Black voters said they did not think Mr. Biden would be a fix for all of the problems of policing in their communities. But at least he acknowledged systemic racism, they said, something Mr. Trump has refused to do. They hoped that Mr. Trump’s exit would mean more civility.
“We’ve got a lot of people who have shown their face and their horns,” said Lakaisha Stoner, 27, a small-business owner in Louisville, adding that she hoped racism would be less on display in the future. “I’m just ready for a positive change, I can’t stress that enough,” she said.
A new president is the place to start, she added.
In a sign that the video of a police officer killing Mr. Floyd had made an impression on the public, even among the president’s backers, 70 percent of voters polled in the A.P. VoteCast survey said racism in policing was a very serious or somewhat serious problem, and of those voters, three in 10 cast their ballots for Mr. Trump.
And for some immigrants who are neither Black nor white, the protests played in complicated ways. Jose Nunez, an electrician who immigrated from the Dominican Republic in 2002, said he voted for Mr. Trump in 2016, but this time voted for Mr. Biden. He switched because he had noticed an ugliness among supporters of Mr. Trump with flapping flags and angry signs. But, he said, the Democrats also needed to expand their appeal to him.
“I don’t want to be talking about race or police brutality on a daily basis,” he said. “It’s crazy.”
Others badly wanted both parties to talk about other things.
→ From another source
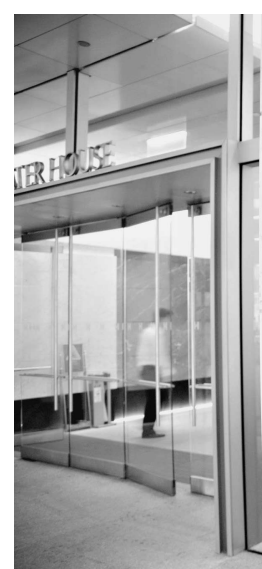
放置在中環遮打大廈門外的遮打浮雕

當年遮打的活動足跡並不限於中環一帶，他亦有參與堅尼地城和尖沙咀的土地發展，西環的吉席街便以他為名。尖沙咀原本有一條遮打街，紀念身為九龍倉創辦人之一的遮打，後來為免與中環的遮打道混淆，一九〇九年改為北京道。

Jose Soto, 37, a Navy veteran in Madison, Wis., who now works for the Department of Veterans Affairs, said he cared most about education and health care, but neither issue seemed to come up in the campaign. He liked Bernie Sanders, saying, “it feels like every time he talks, he talks to me,” and voted for Hillary Clinton in 2016. On Tuesday, he voted for Mr. Trump.
“When Democrats focus their speech, it’s not on work or what they have to offer us,” said Mr. Soto, who immigrated from the Dominican Republic when he was 8.
As for protests, he said racial injustice had been around for a long time and the Democrats had not done much to solve it.
“I don’t think any candidate has a solution for that,” he said.